◆ **Instructions to follow**:
What you return must match the records word for word, except that images are dropped.

◆ **Provided information**:
*** Begin section ***

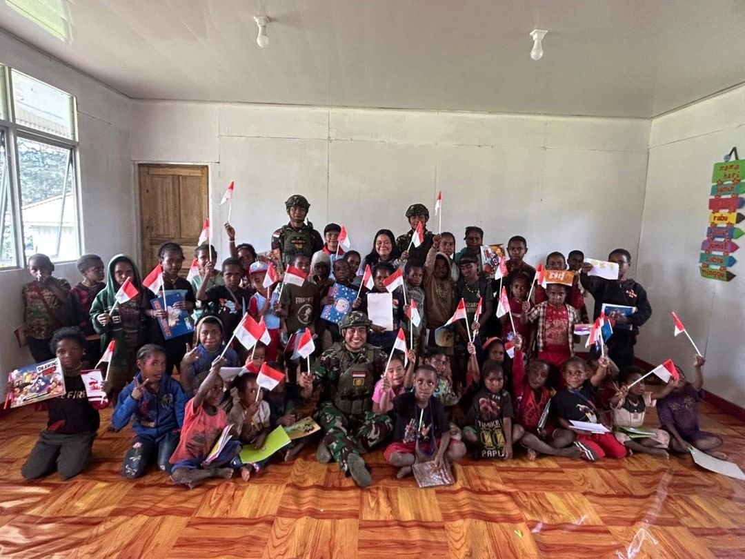 Satgas Mobile Yonif 323 Buaya Putih Peduli Pendidikan Anak Papua melalui TK Kosatgas Pimpinan Pasiter Satgas Letda Chk Dani dengan Membantu Mengajar dan Memberikan Bantuan Alat musik untuk Sekolah SD Swasta Pemulihan Cartenz Puncak, Distrik Ilaga, Kabupaten Puncak, Papua Tengah, Kamis (26/09/24)
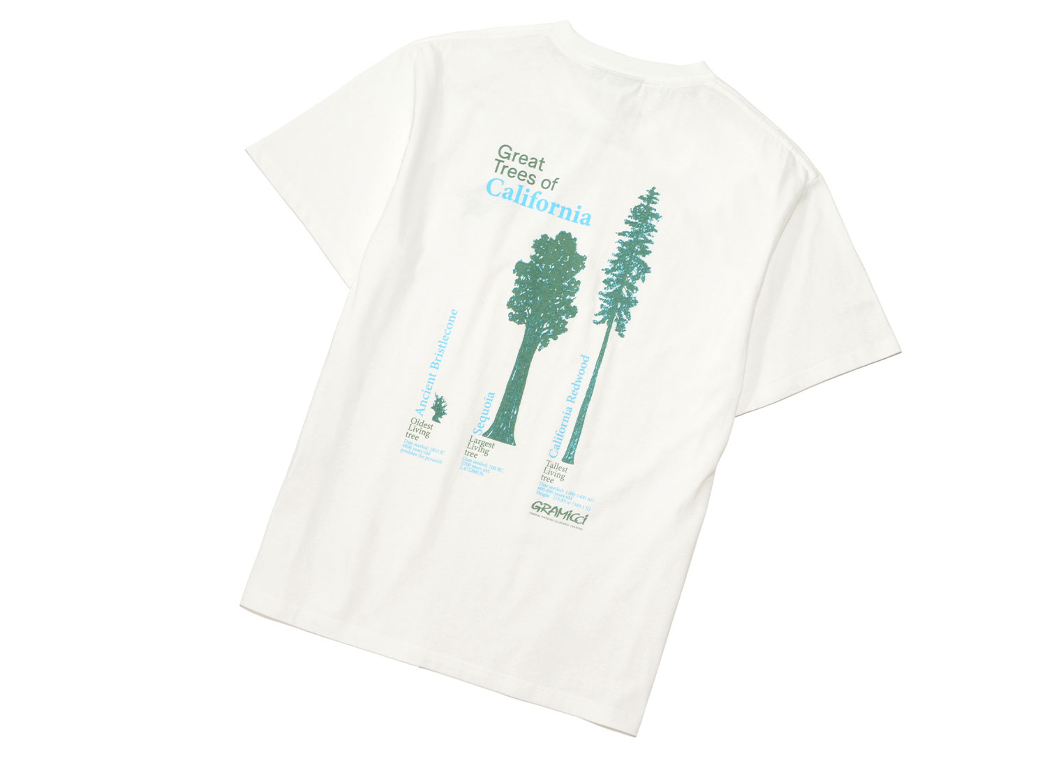 GRAMICCI Cali Trees Tee White. Jersey de coton 100 % biologique. Logo Gramicci sur le torse et impression au dos.
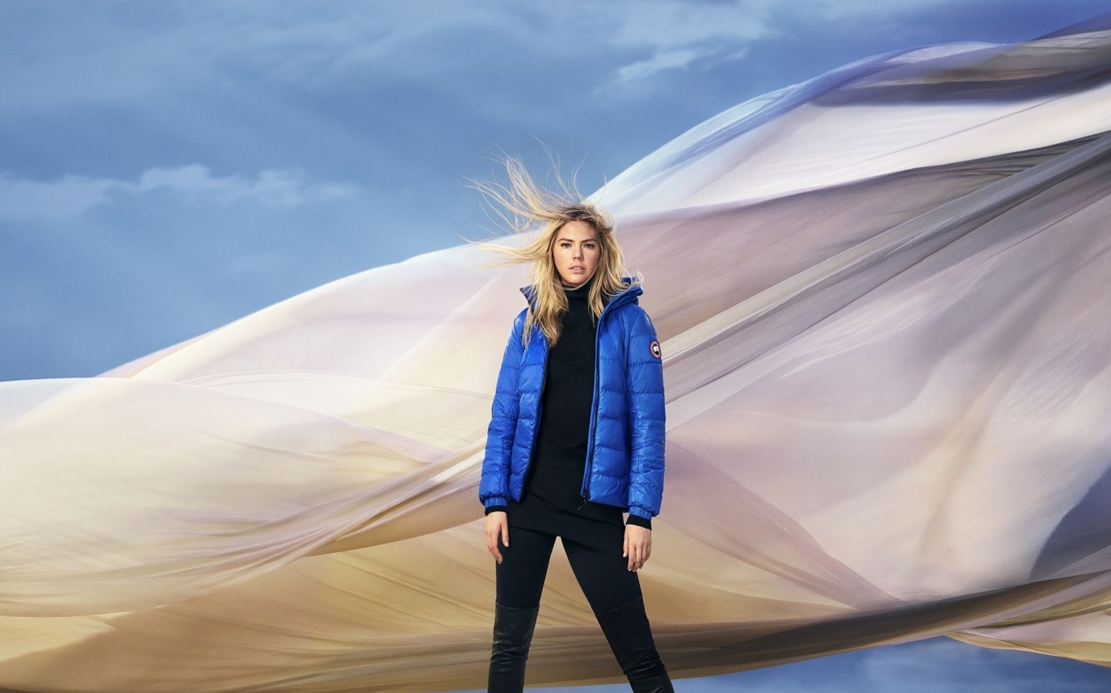 Canada Goose and Kate Upton support the conservation of polar bears and their natural habitat with Canada Goose PBI, a special selection of clothing characterized by the colour PBI Blue, a bright shade reminiscent of sea ice.
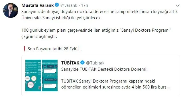 Mustafa Varank, Twitter hesabından yaptığı paylaşımda, sanayide ihtiyaç duyulan doktora derecesine sahip nitelikli insan kaynağının artık üniversite-sanayi işbirliğiyle yetiştirileceğini belirtti.
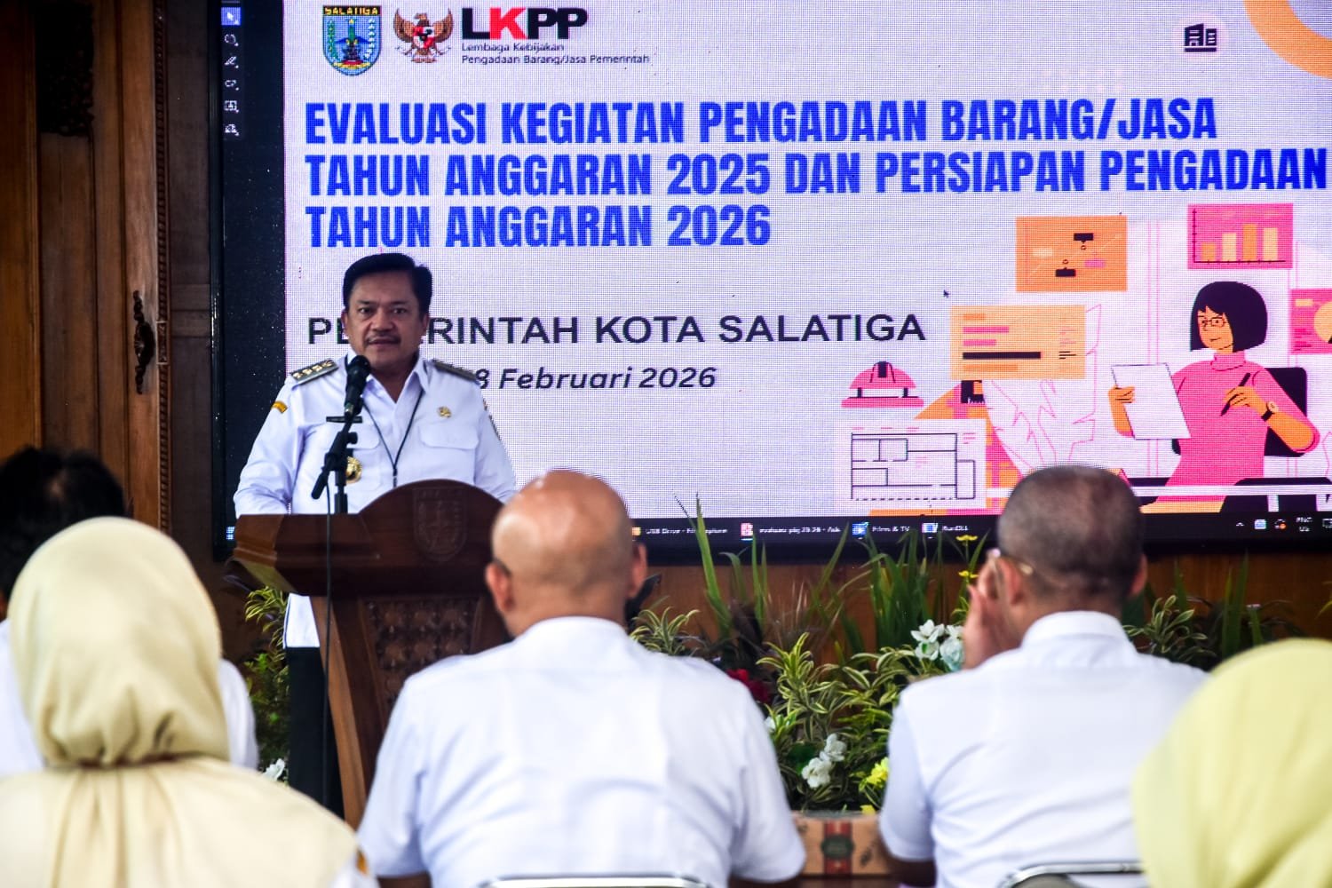 SALATIGA | HARIAN7.COM – Wali Kota Salatiga, Robby Hernawan, mengingatkan jajarannya agar pengadaan barang dan jasa tidak terjebak pada rutinitas administratif. Dalam pembukaan Evaluasi Pengadaan Barang/Jasa TA 2025 dan Persiapan TA 2026, Rabu (18/2/2026), ia menekankan prinsip “empat tepat”: tepat waktu, tepat anggaran, tepat sasaran, dan tepat manfaat.

*** End section ***

◆ **Answer space**:
 Satgas Mobile Yonif 323 Buaya Putih Peduli Pendidikan Anak Papua melalui TK Kosatgas Pimpinan Pasiter Satgas Letda Chk Dani dengan Membantu Mengajar dan Memberikan Bantuan Alat musik untuk Sekolah SD Swasta Pemulihan Cartenz Puncak, Distrik Ilaga, Kabupaten Puncak, Papua Tengah, Kamis (26/09/24)
 GRAMICCI Cali Trees Tee White. Jersey de coton 100 % biologique. Logo Gramicci sur le torse et impression au dos.
 Canada Goose and Kate Upton support the conservation of polar bears and their natural habitat with Canada Goose PBI, a special selection of clothing characterized by the colour PBI Blue, a bright shade reminiscent of sea ice.
 Mustafa Varank, Twitter hesabından yaptığı paylaşımda, sanayide ihtiyaç duyulan doktora derecesine sahip nitelikli insan kaynağının artık üniversite-sanayi işbirliğiyle yetiştirileceğini belirtti.
 SALATIGA | HARIAN7.COM – Wali Kota Salatiga, Robby Hernawan, mengingatkan jajarannya agar pengadaan barang dan jasa tidak terjebak pada rutinitas administratif. Dalam pembukaan Evaluasi Pengadaan Barang/Jasa TA 2025 dan Persiapan TA 2026, Rabu (18/2/2026), ia menekankan prinsip “empat tepat”: tepat waktu, tepat anggaran, tepat sasaran, dan tepat manfaat.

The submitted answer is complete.